Background Malaria is a life-threatening disease caused by plasmodium falciparum transmitted through anopheles mosquitoes. Treatment is based on artemisinin derivatives. Clinical data reported by the World Health Organisation (WHO) shows a 92% mortality in Africa. According to WHO, first-line treatment of uncomplicated falciparum malaria for patients from Africa is artemisinin-based therapy. Resistance to artemisinin-based therapy in Africa is based on case reports. Clinical trials of piperaquine/dihydroartemisinin performed in Asia and Africa show 97% and 92.7% efficacy, respectively.
Purpose Evaluate effectiveness of artemisinin derivatives.
Evaluate safety of artemisinin derivatives.
Material and methods Retrospective, observational study in regional hospital. Parasitemia and side-effects’evaluation of all patients diagnosed with malaria from July 2016 to July 2017, treated with piperaquine/dihydroartemisinin and/or artesunate. Data obtained from ARIADNA Clinical Station®. Artesunate treatment based on seriousness criteria (parasitaemia greater than 4%, convulsions, shock, spontaneous bleeding, bilirubin greater than 2.5 mg/dL, severe hypoglycaemia, severe normocytic anaemia, haemoglobinuria and hyperlactacidaemia).

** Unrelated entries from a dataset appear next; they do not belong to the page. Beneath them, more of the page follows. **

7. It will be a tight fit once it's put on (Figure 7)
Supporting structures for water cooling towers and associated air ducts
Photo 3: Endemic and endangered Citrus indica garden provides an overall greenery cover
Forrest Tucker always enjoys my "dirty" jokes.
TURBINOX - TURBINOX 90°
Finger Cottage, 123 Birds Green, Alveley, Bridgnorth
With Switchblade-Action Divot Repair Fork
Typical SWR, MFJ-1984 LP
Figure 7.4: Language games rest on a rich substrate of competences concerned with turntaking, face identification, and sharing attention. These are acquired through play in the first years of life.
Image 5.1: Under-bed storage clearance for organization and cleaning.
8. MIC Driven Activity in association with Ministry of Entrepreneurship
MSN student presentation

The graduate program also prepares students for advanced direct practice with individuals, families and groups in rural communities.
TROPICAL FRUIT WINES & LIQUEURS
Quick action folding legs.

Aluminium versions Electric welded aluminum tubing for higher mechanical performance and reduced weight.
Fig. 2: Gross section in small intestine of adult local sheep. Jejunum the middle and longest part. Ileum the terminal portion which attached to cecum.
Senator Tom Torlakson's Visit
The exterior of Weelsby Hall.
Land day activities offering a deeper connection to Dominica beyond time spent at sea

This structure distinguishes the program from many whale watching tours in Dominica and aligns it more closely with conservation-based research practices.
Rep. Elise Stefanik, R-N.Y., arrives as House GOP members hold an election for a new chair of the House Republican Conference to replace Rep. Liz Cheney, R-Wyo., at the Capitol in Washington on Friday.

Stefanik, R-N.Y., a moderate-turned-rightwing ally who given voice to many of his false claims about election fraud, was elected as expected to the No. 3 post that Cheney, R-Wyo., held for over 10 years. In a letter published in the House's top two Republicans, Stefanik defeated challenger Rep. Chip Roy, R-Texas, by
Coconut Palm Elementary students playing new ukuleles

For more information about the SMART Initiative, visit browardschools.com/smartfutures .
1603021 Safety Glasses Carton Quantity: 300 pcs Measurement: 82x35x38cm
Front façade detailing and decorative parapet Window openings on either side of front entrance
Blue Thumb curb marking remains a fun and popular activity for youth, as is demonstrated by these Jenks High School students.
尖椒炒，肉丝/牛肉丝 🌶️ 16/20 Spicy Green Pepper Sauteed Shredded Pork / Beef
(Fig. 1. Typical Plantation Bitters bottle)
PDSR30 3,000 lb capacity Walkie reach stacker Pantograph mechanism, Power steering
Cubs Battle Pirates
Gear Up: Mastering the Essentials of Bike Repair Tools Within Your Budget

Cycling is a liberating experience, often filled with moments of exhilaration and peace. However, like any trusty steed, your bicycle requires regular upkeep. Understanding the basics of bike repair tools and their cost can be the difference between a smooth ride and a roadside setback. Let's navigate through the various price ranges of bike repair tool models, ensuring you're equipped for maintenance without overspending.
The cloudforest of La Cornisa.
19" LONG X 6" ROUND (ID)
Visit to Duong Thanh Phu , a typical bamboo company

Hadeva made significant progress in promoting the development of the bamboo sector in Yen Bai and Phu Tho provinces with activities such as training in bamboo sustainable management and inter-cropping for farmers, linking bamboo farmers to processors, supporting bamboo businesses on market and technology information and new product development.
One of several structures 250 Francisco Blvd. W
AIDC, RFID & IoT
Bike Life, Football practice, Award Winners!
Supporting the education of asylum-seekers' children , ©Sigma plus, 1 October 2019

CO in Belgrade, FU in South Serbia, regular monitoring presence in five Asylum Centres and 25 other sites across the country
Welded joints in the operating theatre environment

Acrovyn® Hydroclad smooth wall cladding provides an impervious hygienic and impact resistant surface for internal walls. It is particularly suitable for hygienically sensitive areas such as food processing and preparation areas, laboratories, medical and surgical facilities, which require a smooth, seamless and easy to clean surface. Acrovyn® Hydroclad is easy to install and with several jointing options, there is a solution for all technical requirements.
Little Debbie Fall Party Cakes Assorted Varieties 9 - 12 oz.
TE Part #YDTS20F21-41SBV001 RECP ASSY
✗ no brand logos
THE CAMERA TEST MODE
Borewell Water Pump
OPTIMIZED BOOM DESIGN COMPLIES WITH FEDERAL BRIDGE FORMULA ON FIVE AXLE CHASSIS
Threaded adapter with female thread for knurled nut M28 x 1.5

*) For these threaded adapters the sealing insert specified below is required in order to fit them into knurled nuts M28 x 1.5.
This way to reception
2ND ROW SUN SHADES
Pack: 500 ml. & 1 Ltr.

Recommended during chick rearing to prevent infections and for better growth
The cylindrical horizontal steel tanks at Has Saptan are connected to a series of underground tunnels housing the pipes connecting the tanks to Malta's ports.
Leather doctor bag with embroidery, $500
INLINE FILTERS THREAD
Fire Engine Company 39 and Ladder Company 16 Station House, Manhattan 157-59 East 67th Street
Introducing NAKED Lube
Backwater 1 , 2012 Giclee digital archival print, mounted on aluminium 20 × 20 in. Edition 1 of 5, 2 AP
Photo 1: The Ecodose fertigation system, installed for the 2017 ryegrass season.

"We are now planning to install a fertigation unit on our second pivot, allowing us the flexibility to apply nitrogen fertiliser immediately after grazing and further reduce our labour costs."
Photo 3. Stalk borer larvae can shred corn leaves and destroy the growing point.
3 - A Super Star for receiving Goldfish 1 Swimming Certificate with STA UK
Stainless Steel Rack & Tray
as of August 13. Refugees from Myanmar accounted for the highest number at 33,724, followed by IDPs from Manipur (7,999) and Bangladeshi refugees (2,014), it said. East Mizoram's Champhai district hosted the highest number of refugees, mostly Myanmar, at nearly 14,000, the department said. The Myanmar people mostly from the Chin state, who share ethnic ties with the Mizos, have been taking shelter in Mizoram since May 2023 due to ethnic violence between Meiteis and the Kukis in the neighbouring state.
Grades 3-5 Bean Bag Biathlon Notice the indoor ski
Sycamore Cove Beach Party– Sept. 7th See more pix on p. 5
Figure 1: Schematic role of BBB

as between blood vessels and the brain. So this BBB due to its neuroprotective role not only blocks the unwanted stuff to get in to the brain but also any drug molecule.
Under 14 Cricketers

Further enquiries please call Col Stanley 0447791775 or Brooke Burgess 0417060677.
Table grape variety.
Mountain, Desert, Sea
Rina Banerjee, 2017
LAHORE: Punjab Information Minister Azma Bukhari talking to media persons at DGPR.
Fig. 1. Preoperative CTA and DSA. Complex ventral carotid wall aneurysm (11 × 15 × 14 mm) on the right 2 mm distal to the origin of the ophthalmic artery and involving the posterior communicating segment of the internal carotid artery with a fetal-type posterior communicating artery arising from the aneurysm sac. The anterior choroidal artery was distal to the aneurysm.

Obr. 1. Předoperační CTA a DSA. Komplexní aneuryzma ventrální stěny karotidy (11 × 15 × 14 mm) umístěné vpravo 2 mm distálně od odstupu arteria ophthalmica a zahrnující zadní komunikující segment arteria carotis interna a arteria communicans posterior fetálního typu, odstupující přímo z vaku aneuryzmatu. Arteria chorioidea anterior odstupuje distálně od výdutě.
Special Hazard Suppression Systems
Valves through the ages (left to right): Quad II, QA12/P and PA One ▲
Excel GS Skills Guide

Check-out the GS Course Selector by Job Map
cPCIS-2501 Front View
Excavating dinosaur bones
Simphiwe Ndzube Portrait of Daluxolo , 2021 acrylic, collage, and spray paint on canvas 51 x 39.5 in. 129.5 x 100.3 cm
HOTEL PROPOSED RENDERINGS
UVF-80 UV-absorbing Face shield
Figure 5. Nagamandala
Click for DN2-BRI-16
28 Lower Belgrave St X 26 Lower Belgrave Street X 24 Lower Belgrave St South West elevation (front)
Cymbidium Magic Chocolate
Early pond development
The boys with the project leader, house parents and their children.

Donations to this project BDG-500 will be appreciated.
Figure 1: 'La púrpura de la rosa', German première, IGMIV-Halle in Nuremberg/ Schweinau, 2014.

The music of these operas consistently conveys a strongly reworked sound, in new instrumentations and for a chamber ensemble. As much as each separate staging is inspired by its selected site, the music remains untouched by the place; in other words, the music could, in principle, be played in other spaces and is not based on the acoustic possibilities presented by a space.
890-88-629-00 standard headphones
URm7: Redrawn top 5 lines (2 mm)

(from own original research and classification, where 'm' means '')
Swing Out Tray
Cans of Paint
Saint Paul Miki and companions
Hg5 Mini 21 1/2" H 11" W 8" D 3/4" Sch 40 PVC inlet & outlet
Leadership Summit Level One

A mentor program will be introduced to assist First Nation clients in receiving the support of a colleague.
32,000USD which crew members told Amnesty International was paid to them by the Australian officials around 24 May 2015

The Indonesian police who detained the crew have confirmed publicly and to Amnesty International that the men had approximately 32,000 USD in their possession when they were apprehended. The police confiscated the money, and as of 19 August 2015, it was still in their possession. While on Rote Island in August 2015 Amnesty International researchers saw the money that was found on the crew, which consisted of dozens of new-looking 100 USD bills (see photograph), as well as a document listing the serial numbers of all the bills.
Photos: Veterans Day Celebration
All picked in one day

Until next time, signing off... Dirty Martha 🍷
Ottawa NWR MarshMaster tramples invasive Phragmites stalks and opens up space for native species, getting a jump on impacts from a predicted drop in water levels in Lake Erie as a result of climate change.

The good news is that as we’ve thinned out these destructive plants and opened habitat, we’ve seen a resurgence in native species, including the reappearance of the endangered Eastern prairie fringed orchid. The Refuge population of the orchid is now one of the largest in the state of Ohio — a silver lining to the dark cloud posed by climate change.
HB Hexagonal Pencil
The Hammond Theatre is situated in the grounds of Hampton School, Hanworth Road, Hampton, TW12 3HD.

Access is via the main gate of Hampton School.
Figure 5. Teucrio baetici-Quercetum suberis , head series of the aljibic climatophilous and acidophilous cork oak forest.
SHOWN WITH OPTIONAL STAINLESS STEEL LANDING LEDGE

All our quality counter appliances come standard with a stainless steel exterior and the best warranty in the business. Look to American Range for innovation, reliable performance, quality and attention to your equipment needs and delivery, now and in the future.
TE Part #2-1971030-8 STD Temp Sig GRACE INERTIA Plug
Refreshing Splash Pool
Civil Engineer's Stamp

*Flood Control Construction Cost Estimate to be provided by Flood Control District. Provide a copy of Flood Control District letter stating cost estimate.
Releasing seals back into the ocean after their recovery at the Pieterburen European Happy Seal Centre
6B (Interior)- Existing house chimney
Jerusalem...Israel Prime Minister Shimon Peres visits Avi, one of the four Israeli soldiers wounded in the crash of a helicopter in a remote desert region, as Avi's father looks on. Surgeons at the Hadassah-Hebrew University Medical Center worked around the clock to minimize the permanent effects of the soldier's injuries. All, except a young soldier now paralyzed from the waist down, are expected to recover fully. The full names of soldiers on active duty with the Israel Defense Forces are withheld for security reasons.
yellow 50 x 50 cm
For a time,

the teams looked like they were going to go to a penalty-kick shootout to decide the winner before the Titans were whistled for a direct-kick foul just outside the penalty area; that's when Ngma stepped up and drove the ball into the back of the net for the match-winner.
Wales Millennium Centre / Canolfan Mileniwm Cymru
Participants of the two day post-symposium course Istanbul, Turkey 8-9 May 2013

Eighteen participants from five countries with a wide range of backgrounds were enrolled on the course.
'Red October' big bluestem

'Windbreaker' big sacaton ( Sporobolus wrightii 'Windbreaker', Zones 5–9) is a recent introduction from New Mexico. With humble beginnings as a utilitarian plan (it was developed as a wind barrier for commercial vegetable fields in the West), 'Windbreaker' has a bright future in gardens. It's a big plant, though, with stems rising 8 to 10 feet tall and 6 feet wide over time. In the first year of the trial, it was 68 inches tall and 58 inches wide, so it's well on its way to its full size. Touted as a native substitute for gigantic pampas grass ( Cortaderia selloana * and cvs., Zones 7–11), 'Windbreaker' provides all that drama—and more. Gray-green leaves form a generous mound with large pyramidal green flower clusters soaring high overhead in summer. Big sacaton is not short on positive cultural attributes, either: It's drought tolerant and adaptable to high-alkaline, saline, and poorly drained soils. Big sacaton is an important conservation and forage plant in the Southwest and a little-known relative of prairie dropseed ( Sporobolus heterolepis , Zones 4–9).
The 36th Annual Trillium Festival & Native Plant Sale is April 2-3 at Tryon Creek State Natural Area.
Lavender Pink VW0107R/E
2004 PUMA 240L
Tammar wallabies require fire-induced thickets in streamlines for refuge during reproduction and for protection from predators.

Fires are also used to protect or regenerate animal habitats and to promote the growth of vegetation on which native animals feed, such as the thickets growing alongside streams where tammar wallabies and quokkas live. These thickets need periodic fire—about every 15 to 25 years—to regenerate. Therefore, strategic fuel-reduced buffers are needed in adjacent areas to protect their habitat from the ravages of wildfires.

Results Fifty-four patients included, age: 36 years (15–60). All patients treated with piperaquine/dihydroartemisinin, 11 treated previously with intravenous artesunate.
Parasitaemia: 8.61% (0%–37.5%). Time controls: 24 hours (23 patients, 42.29%), 48 hours (25 patients, 46.29%), 72 hours (three patients, 5.56%) 96 hours (one patient, 1.85%), 120 hours (one patient, 1.85%) and 144 hours (one patient, 1.85%). Ninepatients required artesunate due to serious parasitaemia and two to bilirubin over 3.9 mg/dL. Parasitaemia: 10.25% (4%–37.5%, excluding seriousness criteria). 2.45% after two doses of artesunate at 2.4 mg/kg. Only one patient (HIV diagnosed) over 2% after 48 hours and three doses. One patient died 1 month later due to HIV complications with no parasitaemia.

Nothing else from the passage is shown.